守在门外一脸严肃的蕊儿忽地将头一低,满面通红。一旁的娅茹有些惊讶地看向书房紧闭的大门,又看了看蕊儿,一脸恍然。
她用胳膊肘轻轻捅了捅蕊儿,小声说道:“你们两这是什么时候的事?瞒得怪好的啊。”
蕊儿斜瞪了娅茹一眼,低声斥道:“别瞎说,他说的又不一定是我。”
娅茹坏笑道:“啧啧,这府里年纪相仿又知根知底的姑娘除了你还有谁,你倒是给我找一个出来。”
蕊儿瞥过脸去,不再理她。娅茹低头见她那快被手指给揉烂的衣角不由轻轻笑了起来。
屋里,苏幼筠和苏宁筠也愣了一下,倒不是因为不知道苏成对蕊儿有心,而是没想到这臭小子就这么大剌剌地给说了出来。苏幼筠甚至都能想像到外头蕊儿羞恼的模样,忍不住啐了苏成一口道:“就你这浑不吝的模样,我可不敢将府里的姑娘指给你。你若有心仪的姑娘,等这段时间忙完,自己去好好问问人家,等人家点了头再来找我和姐姐给你们做主。”
苏成缩了缩脖子,知道自己又莽撞了,可他也不觉得这样有什么不对,自己与蕊儿男未婚女未嫁的,有啥说不得的。他喜欢蕊儿也不是一天两天了,那时他被苏幼筠捡回来时又瘦又脏,身上还都是伤,府里的其他丫头都嫌弃他,嘴上不说,但都离他远远的。只有蕊儿,虽然总板着张脸,但从来不会刻意绕着他走,还会时不时给他送些吃的喝的。

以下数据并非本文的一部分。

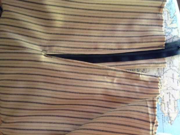 PIN y virar el zip (mirando hacia fuera, cerrado con tirón en la parte superior) con los dientes sólo empujando hacia fuera.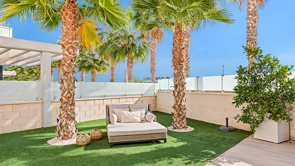 Sydvendt! Luksuriøs hjørnevilla med 3 soverom og 2 bad | Nydelig uteplass med hage og privat basseng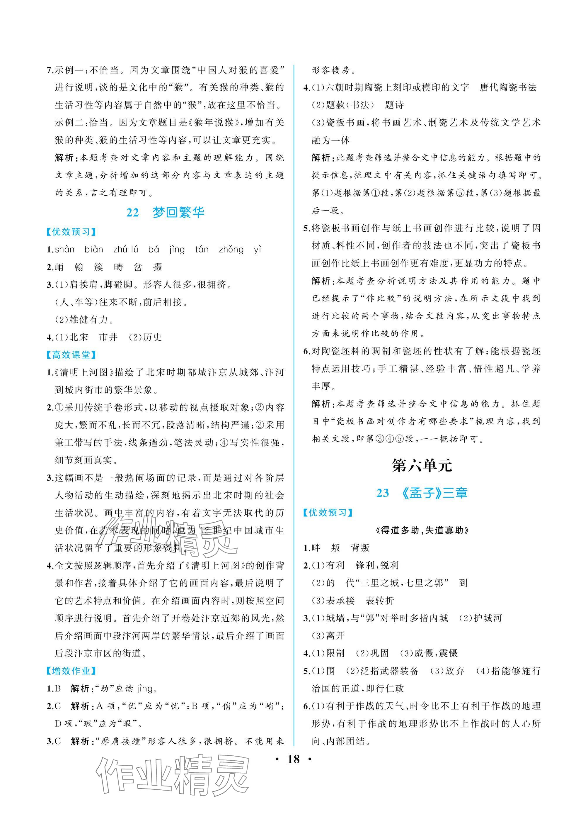 2024年人教金学典同步解析与测评八年级语文上册人教版重庆专版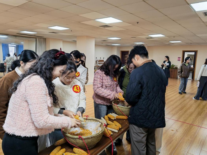 在趣味农耕劳动体验环节,老师们通过各种各样的方式搓动手中的玉米棒,在劳动中体验着丰收的快乐。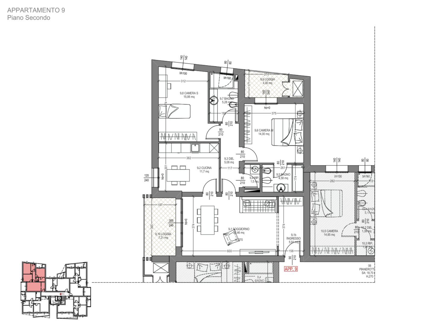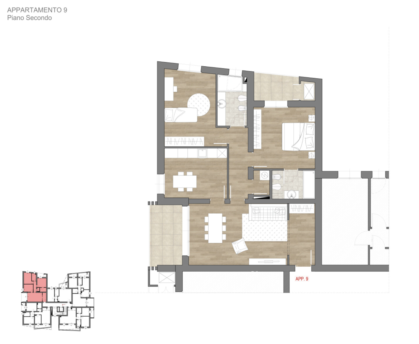 La soluzione proposta è un quadrilocale di circa 114 mq situato al 2° piano e caratterizzato dalla presenza di 2 terrazzi loggiati, che garantiscono luminosità e spazi esterni vivibili.
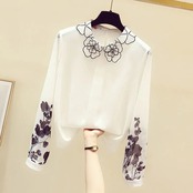 トップス シャツ ブラウス 白シャツ 白トップス 袖あり 長袖 クルーネック シフォン かわいい 大人可愛い きれいめ シンプル カジュアル 大人 上品 おしゃれ お洒落 レトロ 大人女子 こなれ感 キュート ガーリー エレガント フェミニン 柄 花柄 フラワー 春 夏 秋 冬 オールシーズン シーズンレス 10代 20代 30代 40代 50代 60代 レディース 女性用 オフィス OL 通勤 学生 通学 デート 着回し 普段使い モテ S M L XL 2XL ホワイト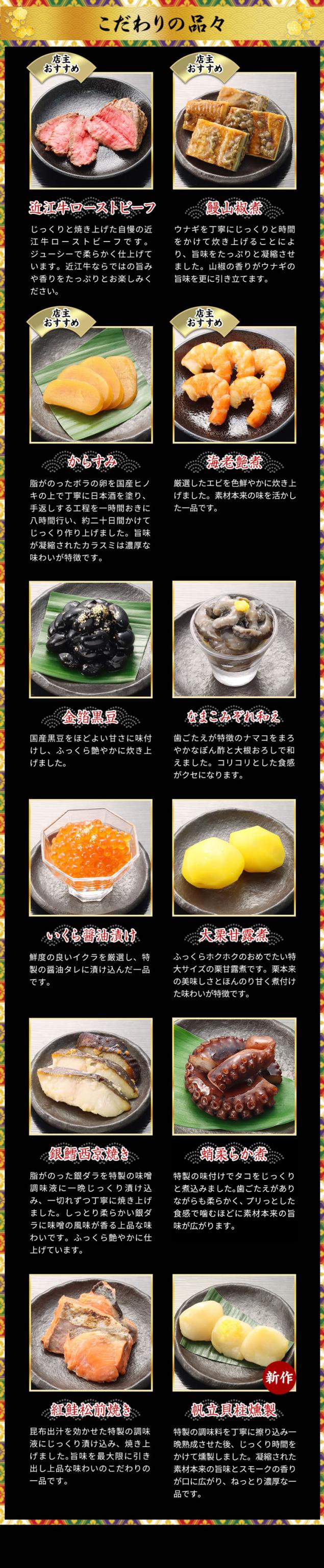 「これまでにない、最高のおせちをつくりたい。」そんな岩元の想いから誕生したのが、高級重『冠寿』です。国産の厳選素材と高級食材を惜しみなく使い、特別な調理法と繊細な盛り付けで仕上げました。たとえば、ローストビーフにはA5ランクの近江牛を使用し、しっとりとした口当たりに。海老艶煮は活きたままの特大海老を使い、鮮やかな彩りと歯ごたえを両立。さらに、からすみ・黒豆・市田柿・イクラなどの高級食材もすべて国産にこだわり、素材の持ち味を引き出しています。
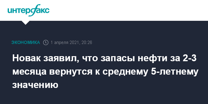 Москва. 1 апреля. INTERFAX.RU - Запасы нефти в ближайшие два-три месяца должны вернуться к среднему 5-летнему значению (2015-2019 годы), сообщил в интервью телеканалу "Россия 24" вице-премьер РФ Александр Новак.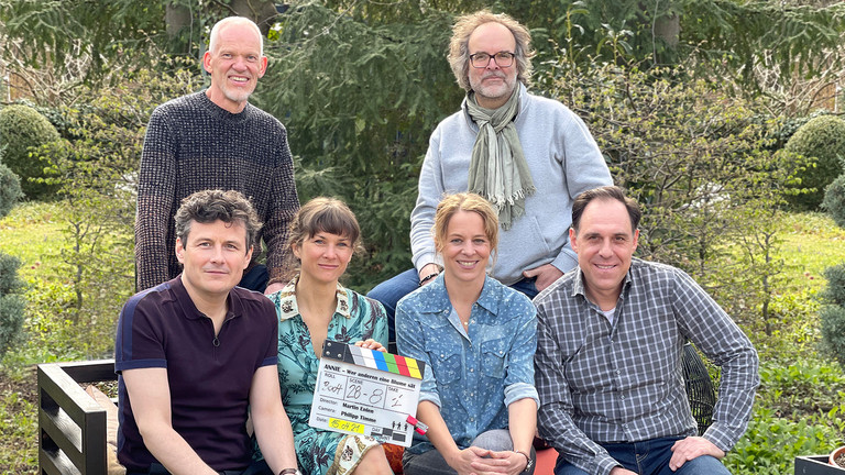 Hinten von links: Regie Martin Enlen, Kamera Philipp Timme, vorne von links: Nils (Manuel Rubey), Tine (Kathrin von Steinburg), Annie (Bernadette Heerwagen), Ralf (Thomas Loibl)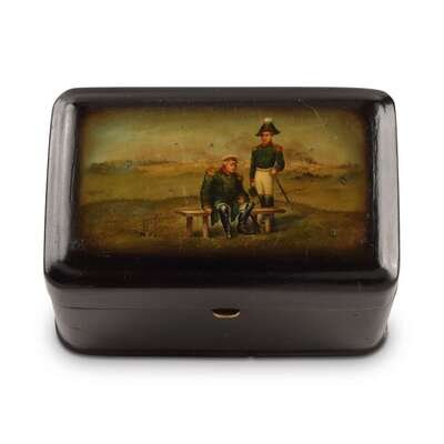 A Russian Lacquer Box, “Kutuzov at rest” Vishnyakov & Sons, Ostashkovo, ca. 1880-1890

苏幼筠教他算账,可他不识字,开始学得特别吃力,也多亏了蕊儿从旁提点着。那时候他觉得府里除了二小姐、秦嬷嬷和荃叔之外只有蕊儿是真心对自己好的,而他对蕊儿的那些情愫也就这么一点一点地织成了网。
苏幼筠见苏成这副浑不吝的模样无奈地叹了口气,挥了挥手让他回去,眼不见为净。自己也拉起姐姐的手向屋外走去。